Den vorherigen Textabschnitt nochmals nachlesen?

 

Und hier ist die Fortsetzung:

 

Kapitel 2 (2)

 

...
Lukas hatte keine Lust, länger darüber nachzudenken. Er begann mit den unvermeidlichen Aufräumarbeiten. Würste und Brötchen warf er in den Mülleimer, den Rest des Kartoffelsalats kippte er in die Toilette und spülte zweimal kräftig nach. Wonach stank es denn hier? Er schluckte krampfhaft, als er die Ursache entdeckte. Das fehlte gerade noch. Das Waschbecken war bis zur Hälfte mit Erbrochenem gefüllt. Die flüssigen Anteile waren abgelaufen. Der schmierige Randstreifen im oberen Drittel zeigte die ursprüngliche Füllhöhe. Das hieß im Klartext: Der Rest musste irgendwie ausgeschöpft werden.
Aber nicht von mir, dachte Lukas und schluckte noch einmal, und vor allem nicht jetzt.

Wolli kam in den Wohnraum herunter, schmal und blass wie immer und noch zerzauster als sonst, falls das möglich war.
Ausgeschlafen?

Geht schon, sagte Wolli.
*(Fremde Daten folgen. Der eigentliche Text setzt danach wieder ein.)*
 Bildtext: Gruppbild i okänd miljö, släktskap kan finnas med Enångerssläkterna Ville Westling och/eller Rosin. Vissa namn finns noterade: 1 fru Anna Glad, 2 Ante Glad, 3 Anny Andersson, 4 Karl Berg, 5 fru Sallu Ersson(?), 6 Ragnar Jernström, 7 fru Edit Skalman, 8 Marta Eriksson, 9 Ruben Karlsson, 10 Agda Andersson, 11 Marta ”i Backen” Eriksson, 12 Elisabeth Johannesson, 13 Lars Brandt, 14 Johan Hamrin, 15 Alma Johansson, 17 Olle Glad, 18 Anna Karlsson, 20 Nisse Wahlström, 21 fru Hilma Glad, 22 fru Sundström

Hab’ noch bis um vier Schach gespielt. Dann ist mein Partner eingeschlafen, und mein Akku war leer. Kann ich irgendwo duschen?
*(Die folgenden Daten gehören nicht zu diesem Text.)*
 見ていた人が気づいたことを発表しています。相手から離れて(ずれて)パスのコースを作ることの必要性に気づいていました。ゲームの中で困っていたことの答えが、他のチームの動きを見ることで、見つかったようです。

Unten, sagte Lukas, hier oben hat jemand ins Becken gekotzt.
Lass mal. Ich mach das schon. Wolli schlurfte in Richtung Bad. Ist wahrscheinlich von Tom. Der war gestern hackevoll.
Nicht bloß gestern, sagte Lukas.
Wie auf sein Stichwort erschien jetzt auch Tom auf der Galerie.
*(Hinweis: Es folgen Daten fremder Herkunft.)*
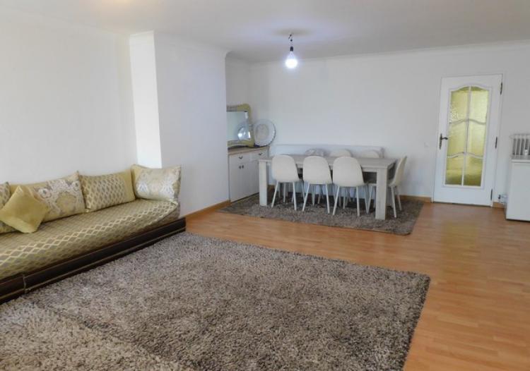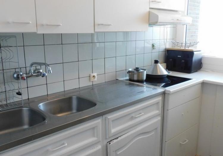 We komen binnen in de inkomhal die toegang geeft tot de keuken en de leefruimte. De keuken is uitgerust met een kookvuur, dampkap en spoelbak. De leef- en eetruimte biedt voldoende plaats voor een gezellige zithoek en eetkamer, perfect om gasten te ontvangen of om tot rust te komen. Via het schuifraam in de lichtrijke leefruimte heeft u toegang tot het voorgelegen terras.

Lukas sah ihn zum ersten Mal ohne Baggy-Hosen, Shirt und Baseball-Kappe. Er trug nichts als einen knappen schwarzen Slip und eine Zigarette in der linken Hand. Der Junge sah wirklich gut aus.
Gehst wohl in die Muckibude? fragte Lukas und studierte verstohlen Toms perfekten Sixpack-Bauch.
Ne. Ich mache kickboxen. Das bringt mehr. Kannst ja mal mitkommen.
Mal sehen, sagte Lukas.
Kickboxen in dieser Kaschemme in der Ehrenstraße. Da würde er auf keinen Fall hingehen. Da hingen doch bloß Russen, Jugos und Türken herum. Angeblich konnte man da alles kaufen oder verkaufen: Illegal gebrannte CD’s, geschmuggelte Zigaretten, Computerteile dubioser Herkunft, Dope, Mädchen und geklaute Markenklamotten.
Die Dusche ist unten, sagte Lukas. He, warte mal! Was ist das für ein cooles Tattoo?
Auf Toms eindrucksvollem rechten Bizeps waren ein schwarzes blutüberströmtes Schwert und darunter einige asiatische Schriftzeichen eintätowiert.
He, grinste Lukas, gehörst du zur chinesischen Maffia.
Ist ein Andenken an meinen Bruder. Tom drückte seine Zigarettenkippe in einen Blumentopf. Er war erst zwei, als das Unglück passierte.
Tut mir leid, murmelte Lukas.
Schon gut, sagte Tom. Hat außer Wolli und mir noch einer hier übernachtet?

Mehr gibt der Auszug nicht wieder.